Spread placement is improved via the below inventory control mechanism, which computes an adjustment (in cents) to apply to both sides of the spread that effectively makes accumulating inventory in the direction (long/short) of current inventory increasingly difficult up to a parameterized maximum amount.

The inventory control mechanism is as follows:

$f(i) = -sign(i) \times M \times \left(1 - e^{-a \times |i|}\right)$

Where,

  • $f(i)$ is the spread adjustent in cents

  • $M$ is the maximum allowed spread adjustment in cents

  • $i$ is the integer value of current inventory holdings (negative for short)

  • $a$ is a scaling factor for the exponential function (use higher $a$ when you are more averse to inventory accumulation)

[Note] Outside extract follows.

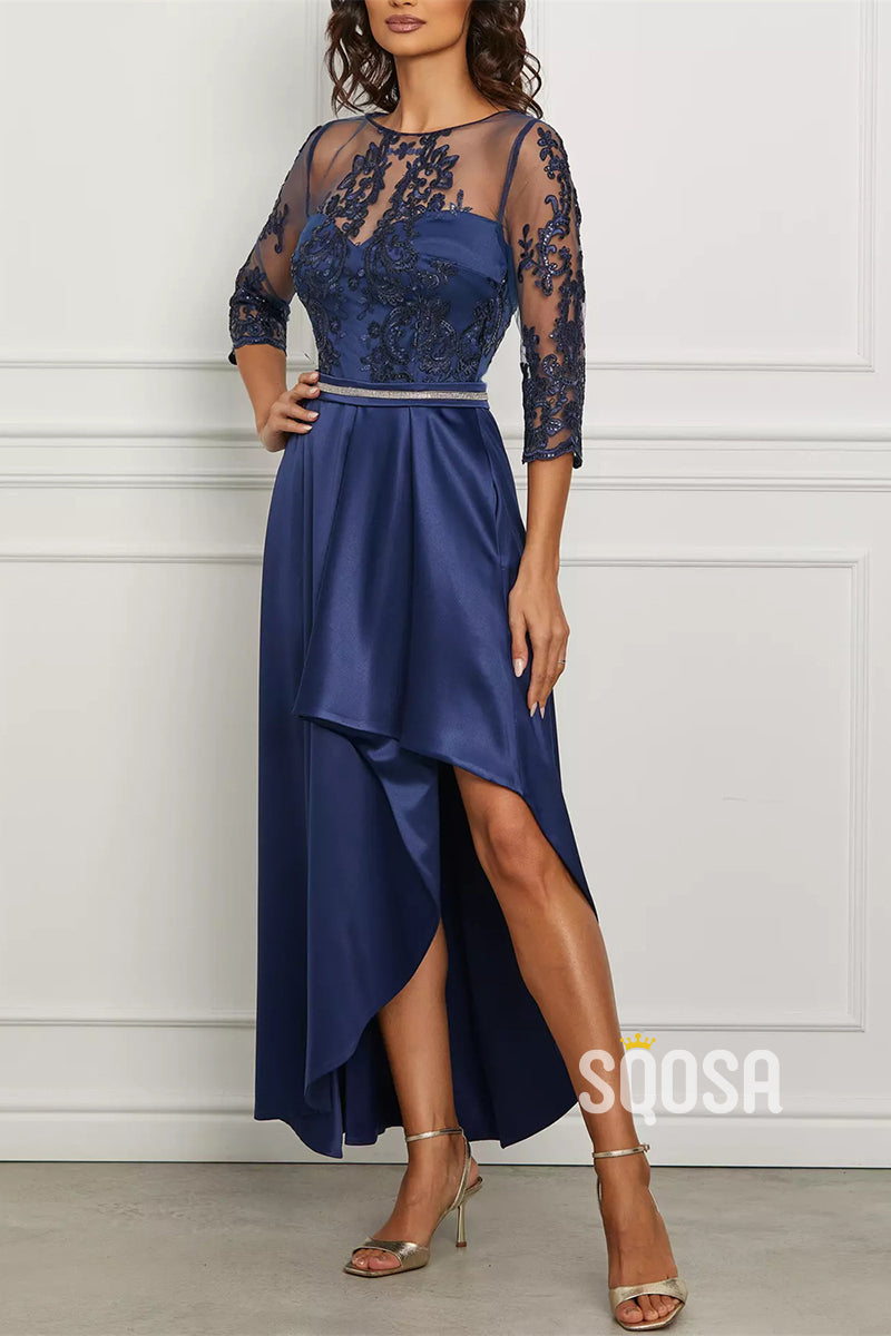 Illusion Round Applique Mother of the Bride Dress Elegant Evening Gown QM3227

For example, when the max adjustment is set to 10 cents and $a$ is set to 0.5, the inventory control mechanism as a function of absolute inventory holdings would be as follows:

Inventory Control Mechanism Figure 1: Inventory Control Mechanism

In artificial/inventory_control.ipynb, we find the inventory-controlling naïve market maker to be considerably more efficient in managing portfolio exposure risk with a demonstrated ability to maintain near-zero unrealized PnL throughout the entire trading session. Unsurprisingly, the non inventory-controlling market maker becomes susceptible to significant positional PnL in times of true value volatility.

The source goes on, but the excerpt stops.